Объектом гетеросуггестии может быть как отдельный человек, так и группа (феномен

массового внушения); источником внушения (суггестором) — индивид, группа

и др.

Аутосуггестия предполагает объединение в одном лице суггестора и суггеренда.

По методам реализации внушения подразделяются на прямое и косвенное, а также

на преднамеренное и непреднамеренное.

Для исследования миграции особое значение имеет суггестия в значении

“заражения”, переселенческими настроениями и подражания действиям

переселенцев. С биологической точки зрения суггестия в чистом виде таит в

себе катастрофу, ибо в результате воздействия одного организма на рефлексы

другого могут быть нарушены жизненно важные функции организма. В подобных

случаях организм может выдать негативную реакцию на суггестию в виде

торможения внушаемой информации (к примеру, явление когнитивного диссонанса,

паники и др.).

Физиологи считают негативизм (в т. ч. негативизм в отношении словесного

воздействия) явлением сводимым к ультрарадикальному состоянию. Это значит

кричащая биологическая ситуация (недоедание например) “взламывают”

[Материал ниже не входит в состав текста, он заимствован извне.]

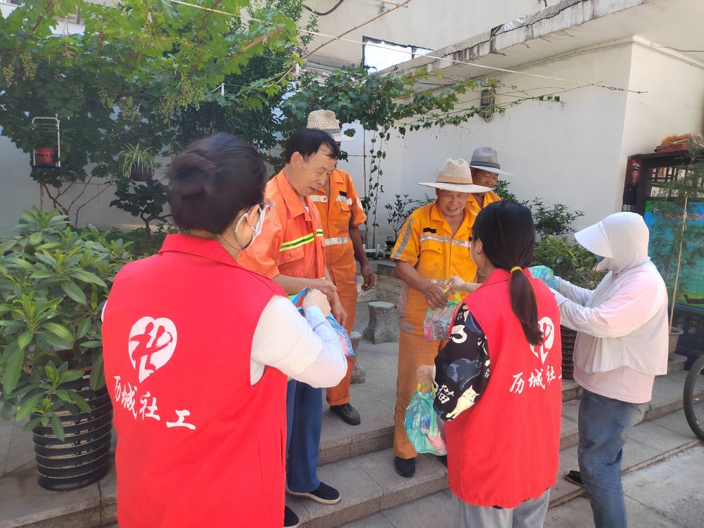 6月18日父亲节来临之际,为表达子女的感谢,也为将感恩之情感染更多的人,洪家楼街道社工站联合洪家楼街道工会、社区社会组织联合会开展“夏季送清凉”暨别样父亲节慰问活动。此次慰问活动对象是洪家楼街道环卫工人们,为了街道的整洁干净,即使是在这样特殊的日子里,他们仍然坚守在环卫一线,为了给他们过 一个难忘的父亲节,洪家楼街道社工站开展了这样一场别样的父亲节慰问活动。
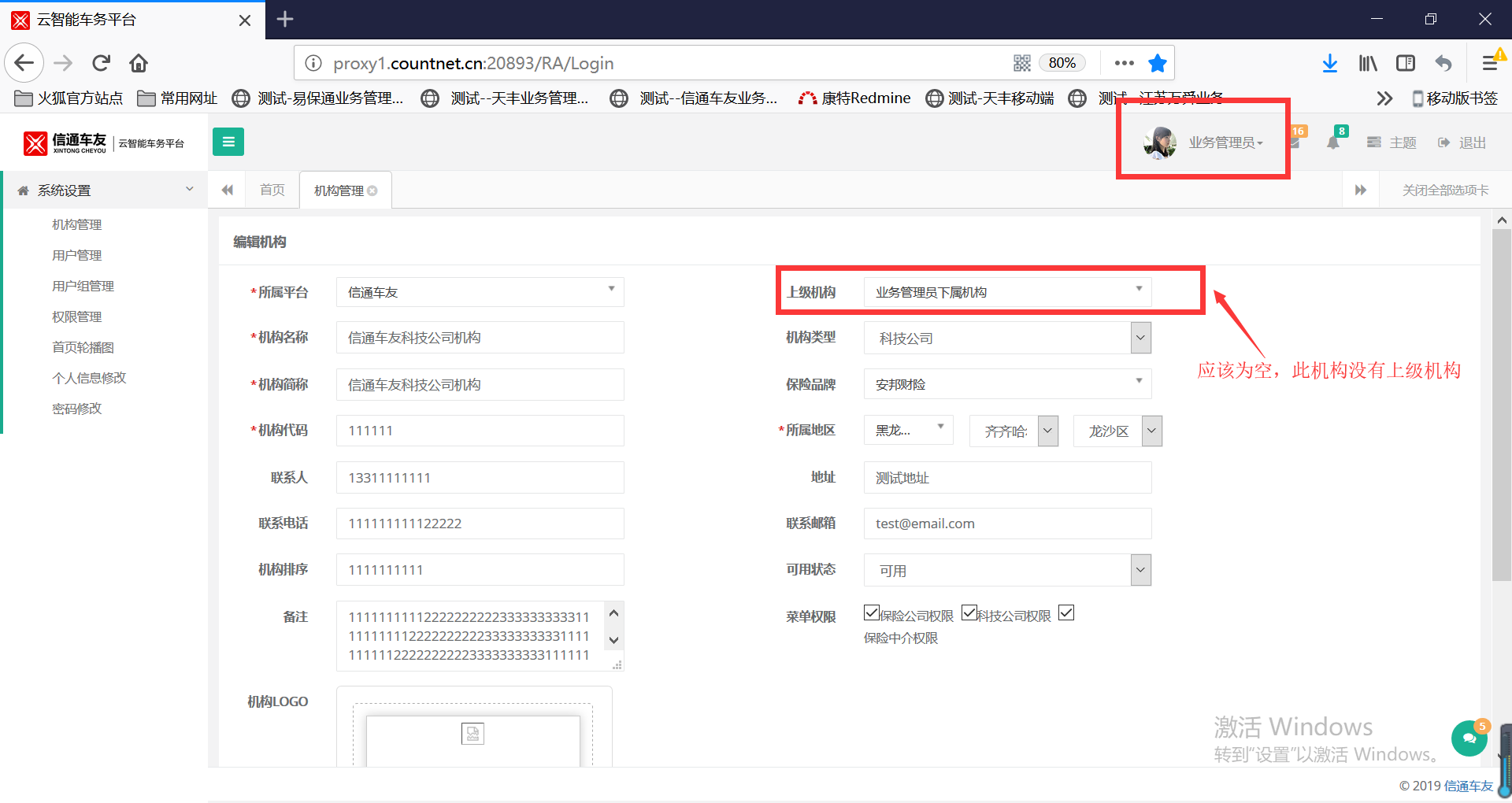 登录后编辑本机构信息,上级机构显示不正确,该机构无上级机构。显示见附图
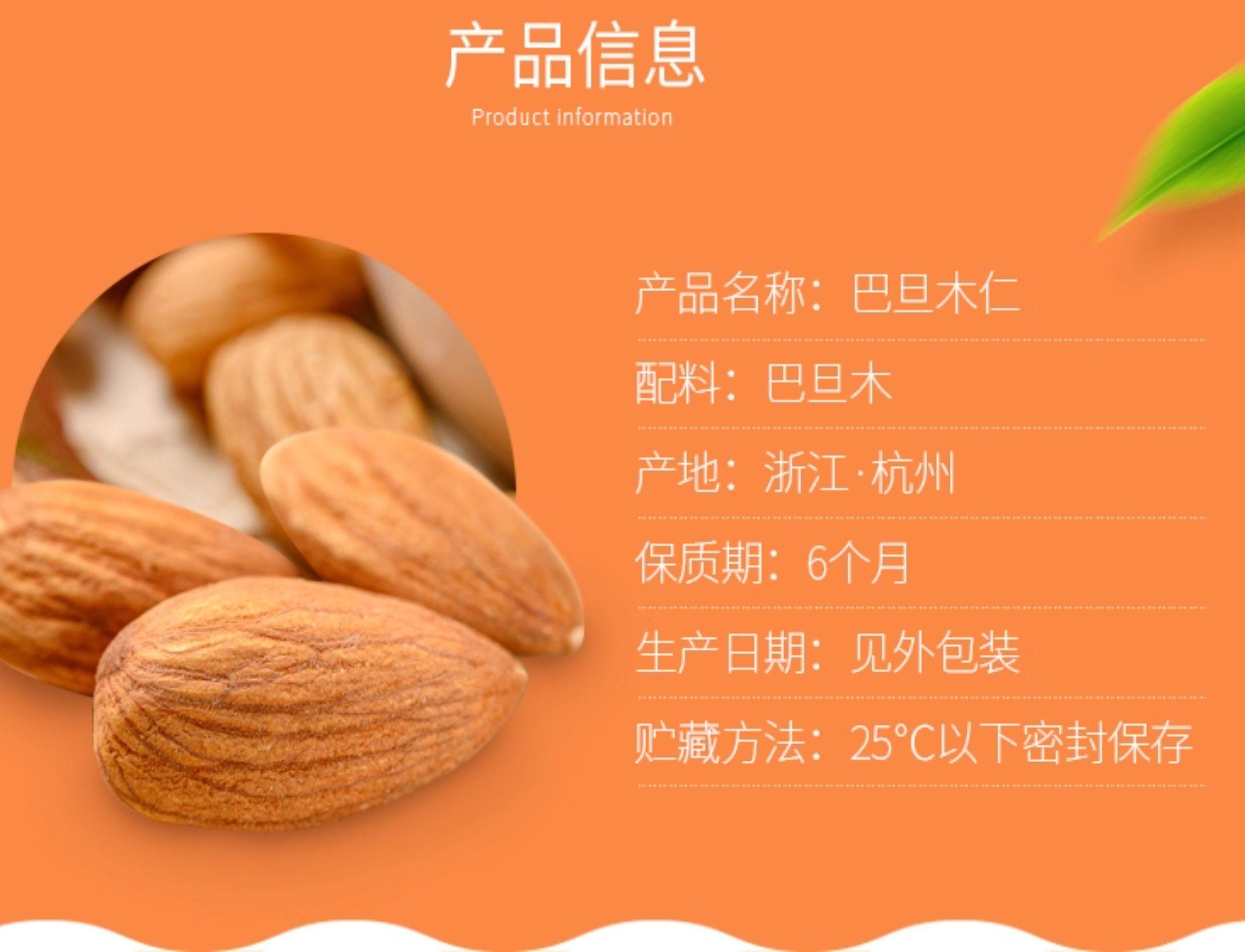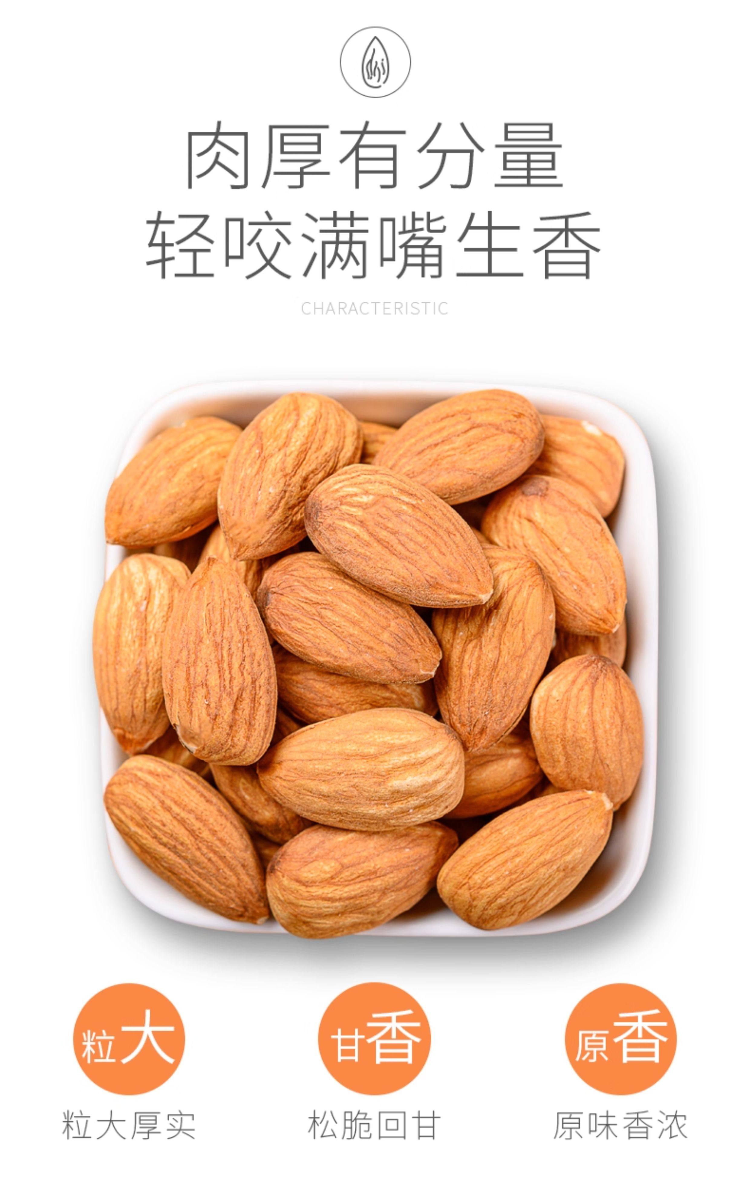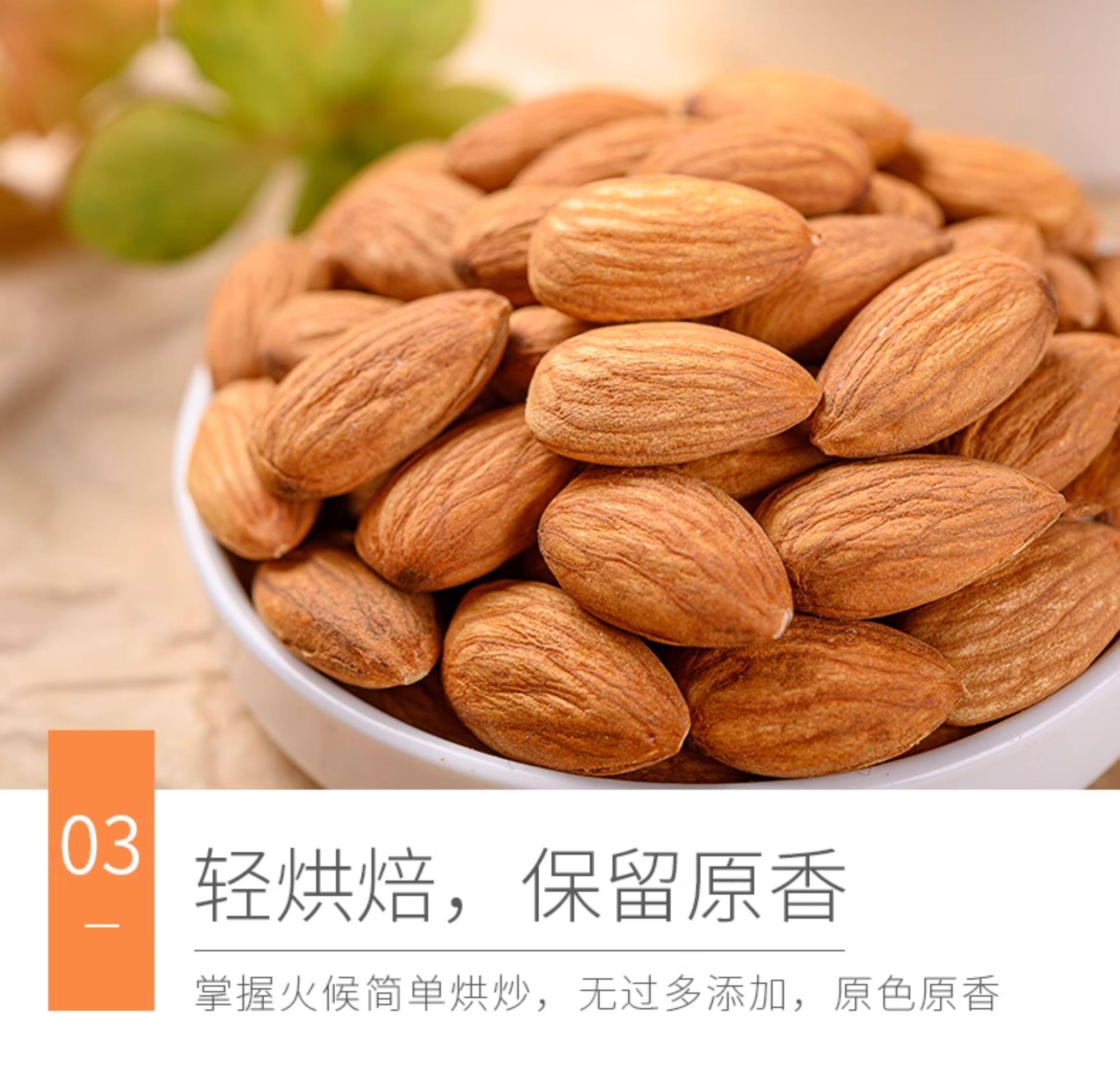 | Taste | [tasting packet] 150gx1 bag,Really good quality half a pound sharing pack] 250gx1 bag,Only selling net weight, cheap and cost-effective 0.5kg pack] 500gx1 bag,[large stocking quantity 1.0kg packs] 500gx2 bags,【pack of 1.5kg】500gx3 bags,[salt-baked almonds] 250gx1 bag,[salt baked almond kernels 0.5kg pack] 500gx1 bag,[salt baked almond kernels 1.0kg pack] 500gx2 bags,【salt-roasted almond kernels - sample size】150g x 1 bag |

принудительную силу слов (обычаев и традиций, например — крепостной

зависимости).

Считается, что именно контрсуггестия (Поршнев) и становится

непосредственно психологическим механизмом осуществления всех и всяческих

изменений в истории, порождаемых не только зовом биологической самообороны,

но и объективной жизнью общества, противоречием экономических и других

отношений.

Помня слова Гегеля о движении истории, которую осуществляет её “дурная

сторона”, “порочное начало” — неповиновение, можно признать историю людей как

резкое сочетание повиновения и непокорности, послушания и дерзости.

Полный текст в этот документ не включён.